DATA SHOWN ->

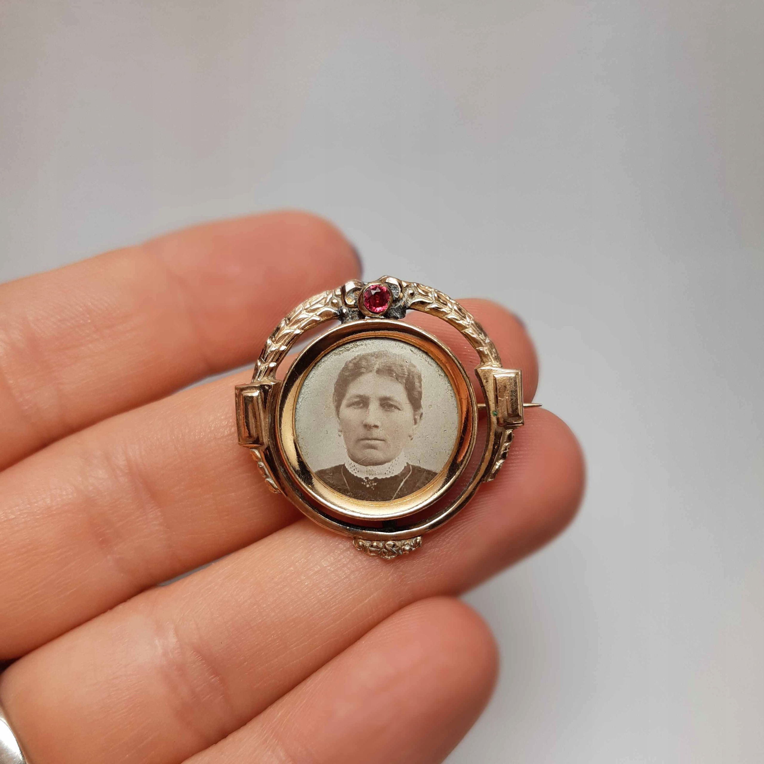 Предмет продажи — брошь XIX века из позолоченной латуни,со старинной фотографией, украшенная камнем рубином
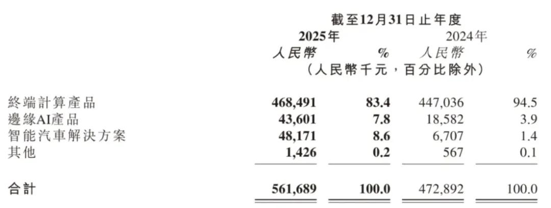 爱芯元智2025年来自终端计算产品收入4.69亿,较上年同期增长4.8%;自边缘AI产品收入为4360万元,较上年同期的1860万元增长134.6%,主要是由于迅速扩张的市场推动;自智能汽车解决方案的收入为4820万元,较上年同期的670万元增长618.2%,主要由于过去获得定点的终端客户车型于2025年正式进入量产阶段,从而推动芯片出货量大幅攀升。
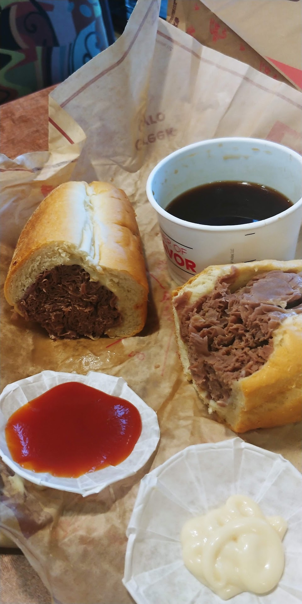 Read moreVery busy with a line up as I went in. Pairs and small groups of men on their lunch breaks. The line moved quickly even though there was only one register open. I ordered old school getting the original with the next choice up with additional beef. 1 small mozzarella cheese sticks and a small drink. The highly efficient man offered that he was charging me a combo meal to make the price better for me. My order came out fast, hot and perfect. I couldnt finish! A great experience The only negative...wishing they had more room in between tables for walking and sitting. Great idea for bar stool 2 seat tables placed furthest away so 1-2 will not take up 4 seat tables since bigger groups filled them all...
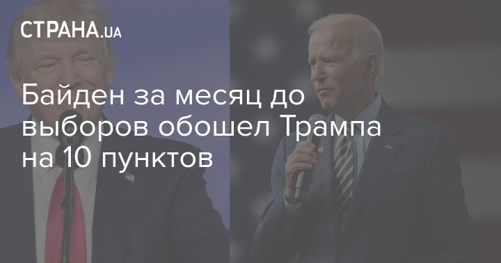 Кандидат в президенты США от демократов Джо Байден опережает своего соперника от партии республиканцев Дональда Трампа на 10%.
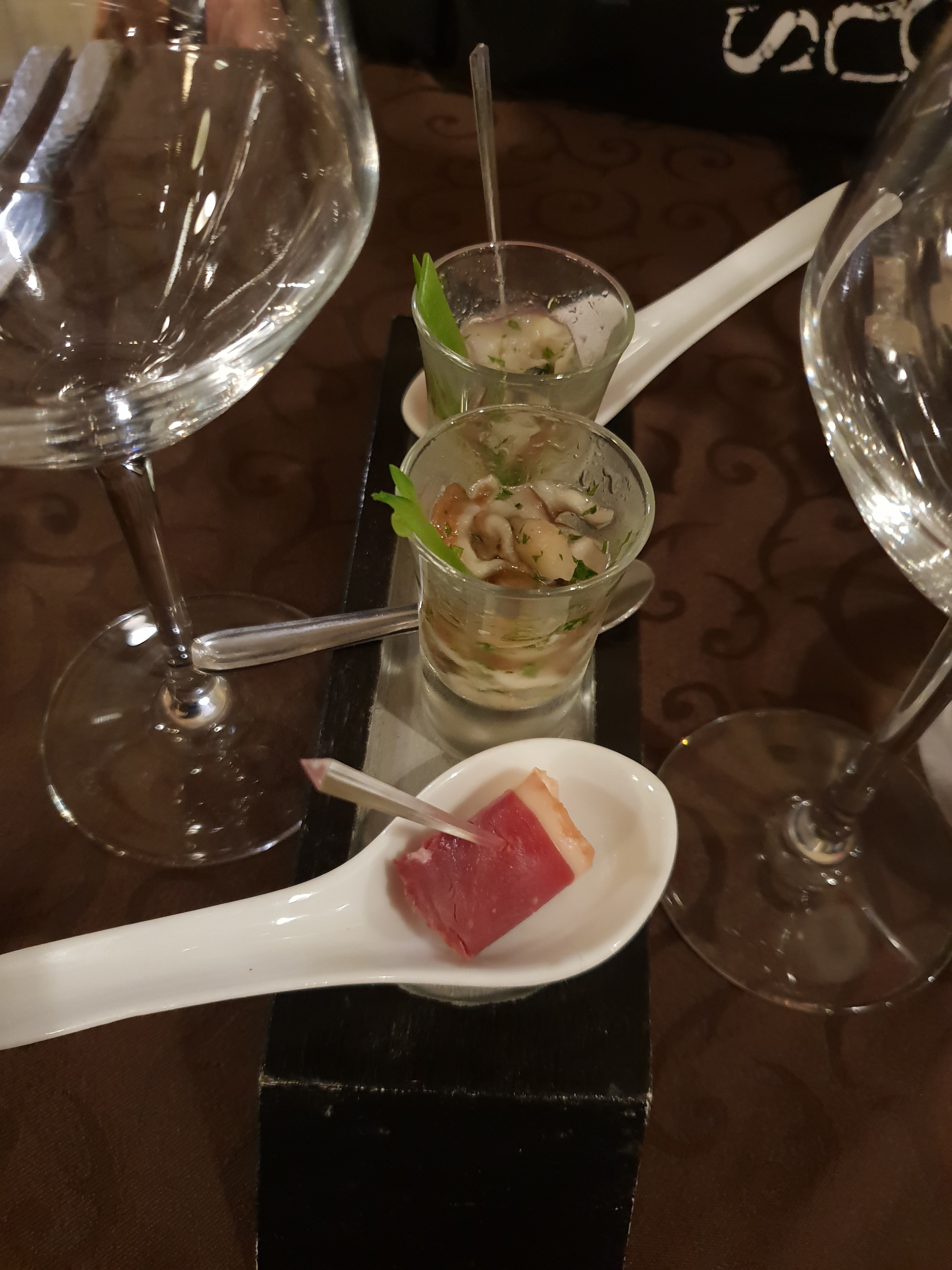 Très bonne soirée. Nous avons pris un quatre plats surprises qui n'en n'était pas car présent dans le menu et savions ce que nous allions déguster. Un petit hic pour le vin , je trouve dommage de réclamer à chaque plat un verre assorti alors que cela était convenu dès le début de la commande... mais c'est chercher les détails qui très honnêtement n'entachent en rien dans la qualité des quatre plats qui nous ont été servis. Qualité/ quantité avec un petit plus pour le poisson grillé : un délice. Une bonne adresse !

WHAT TO WORK ON -> Please return only the lines from the top of the data through the line with "爱芯元智2025年来自终端计", exactly as written, and drop every picture.

OUTPUT BELOW ->
 Предмет продажи — брошь XIX века из позолоченной латуни,со старинной фотографией, украшенная камнем рубином
 爱芯元智2025年来自终端计算产品收入4.69亿,较上年同期增长4.8%;自边缘AI产品收入为4360万元,较上年同期的1860万元增长134.6%,主要是由于迅速扩张的市场推动;自智能汽车解决方案的收入为4820万元,较上年同期的670万元增长618.2%,主要由于过去获得定点的终端客户车型于2025年正式进入量产阶段,从而推动芯片出货量大幅攀升。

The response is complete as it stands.